Abstract P3075: Neutrophil Secreted Chitinase 3-like-1 Antagonizes Macrophage Reparative Polarization And Contributes To Ventricular Dysfunction After Myocardial Infarction

Clinical studies show that chitinase 3-like-1 (CHI3L1) is a biomarker and predictor of all-cause mortality in heart failure. Studies from our lab demonstrated that CHI3L1 is elevated in hearts post-MI, and CHI3L1 deficiency in mice results in preserved ventricular structure and function post-MI. Furthermore, we found that CHI3L1 is secreted from activated neutrophils but has no effect on neutrophil recruitment in hearts after MI. The goal of the current study was to elucidate mechanisms whereby CHI3L1 contributes to exacerbated cardiac dysfunction after MI. Post-MI neutrophil recruitment is followed by the sequential programming of macrophages to pro-inflammatory or pro-reparative phenotypes. We sought to determine the impact of neutrophil-secreted CHI3L1 on macrophage polarization. Activated neutrophils isolated from Chil1 +/+ and Chil1 -/- mice were co-cultured with bone marrow-derived macrophages. We found that macrophages directly co-cultured with Chil1 -/- but not Chil1 +/+ neutrophils showed upregulation of the pro-reparative markers, Chil4 and Arg1 (n=5/group, p<0.05). Additionally, direct co-culture of Chil1 -/- neutrophils and macrophages showed trends towards downregulation of the pro-inflammatory polarization markers, Il1b and Tnfa relative to macrophages co-cultured with Chil +/+ neutrophils. These data suggest that neutrophil-derived CHI3L1 may antagonize signaling to polarize macrophages towards a pro-reparative phenotype that may explain delayed scar formation and exacerbated ventricular dysfunction after MI. Future efforts will elucidate the signaling role of CHI3L1 associated with neutrophil extracellular traps (NETs) on macrophage function.
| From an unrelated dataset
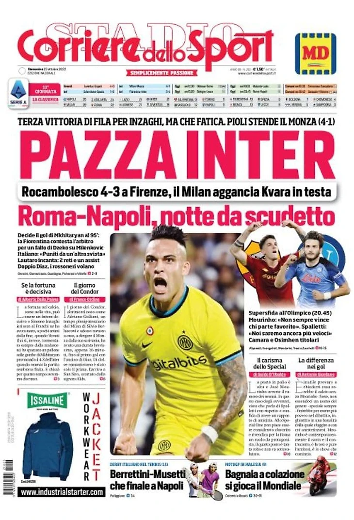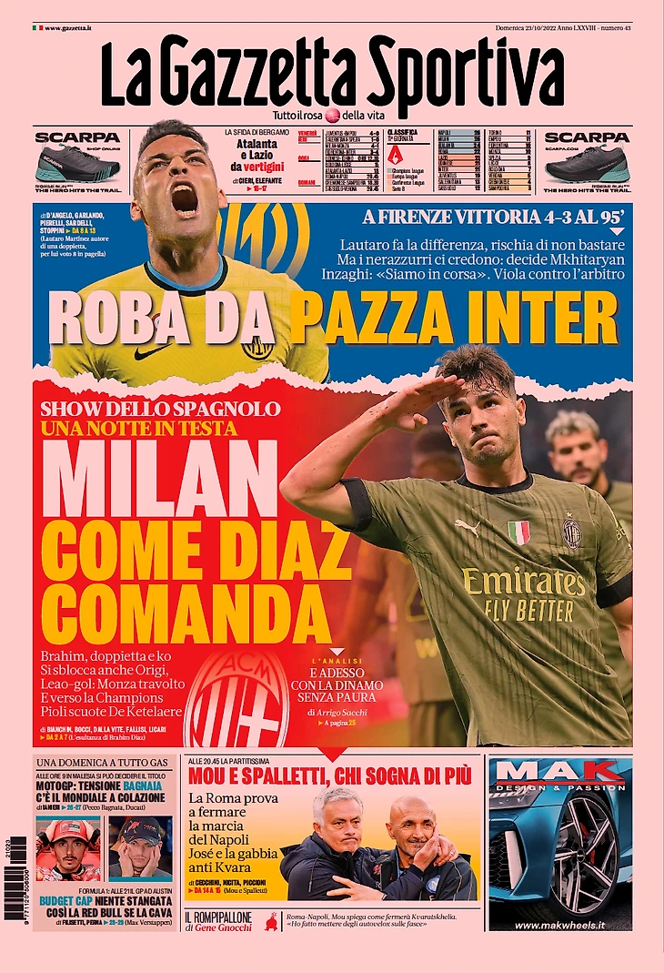 Третья победа подряд для Индзаги, но с каким трудом. Пиоли остановил «Монцу» (4:1). Головокружительные 4:3 во Флоренции, «Милан» догнал Квару на вершине. Всё решил гол Мхитаряна на 95 минуте: «Фиорентина» спорила с арбитром из-за фола Джеко на Миленковиче. Итальяно: «Наказаны очередной невнимательностью». Лаутаро очаровывает: 2 гола и ассист. Дубль Диаса, Россонери летят.

Abstract P3158: Extracellular Vesicles From Ischemic Myocardium Mediate Regulatory T Cell Dysfunction Through MicroRNA-1-mediated Suppression Of VEGF-A

Motivation: Myocardial infarction (MI) triggers an efflux of pro-inflammatory extracellular vesicles (EVs) from the heart into the circulation. Here, we test the hypothesis that circulating ischemic heart EVs (iEVs) attenuate regulatory T cell (Treg) proliferation and function post-MI. Methods: Hearts were explanted from mice and Langendorff-perfused with Tyrode buffer either continuously for two hours (nonischemic), or subjected to no-flow for 30 min, and reperfused for 1.5h. Heart effluent (~700ml) was collected for EV isolation by ultracentrifugation. EV size and concentration were measured by nanoparticle tracking analysis; EV markers were characterized by western blot. EVs from nonischemic heart effluent (nEVs) served as controls. RNA sequencing (RNAseq) followed by qPCR validation was used to identify microRNAs in EVs. Assessments of human Tregs included cell proliferation (Cell Counting Kit-8 assay), IL-10 production (qPCR of Tregs, and ELISA of Treg-conditioned media), and RNAseq after exposure to EVs. In vivo, an antagomir was administered retro-orbitally immediately post-MI, and splenic Tregs were measured by flow cytometry 7 days post-MI. Findings: MiR-1-3p was highly enriched in iEVs compared to nEVs. Exposure of human Tregs to iEVs or a miR-1 mimic resulted in decreased proliferation ( P <0.0001, N=8) and production of IL-10 (qPCR: P<0.0001, n=9; ELISA: P <0.0001, N=6) compared to nEVs. Antagomir-1 reversed iEV- and miR-1-induced inhibition of Treg proliferation. RNAseq on human Tregs revealed that VEGF-A, a miR-1 target gene, was suppressed after exposure to iEVs compared to nEVs. In vivo, the number of splenic Tregs decreased on day 7 post-MI, with a concomitant decrease in IL-10 + and VEGF-A + Tregs. Intriguingly, administration of antagomiR-1 restored numbers of splenic IL10 + and VEGF-A + Treg cells. Conclusions: iEVs cause Treg dysfunction by transferring miR-1. In turn, miR-1 suppresses VEGF-A, a known modulator of Treg function. Our findings reveal novel paracrine modulation of immune cells by ischemic myocardium. Targeting EV signaling post-MI represents a potential new strategy to augment Treg-mediated tissue repair.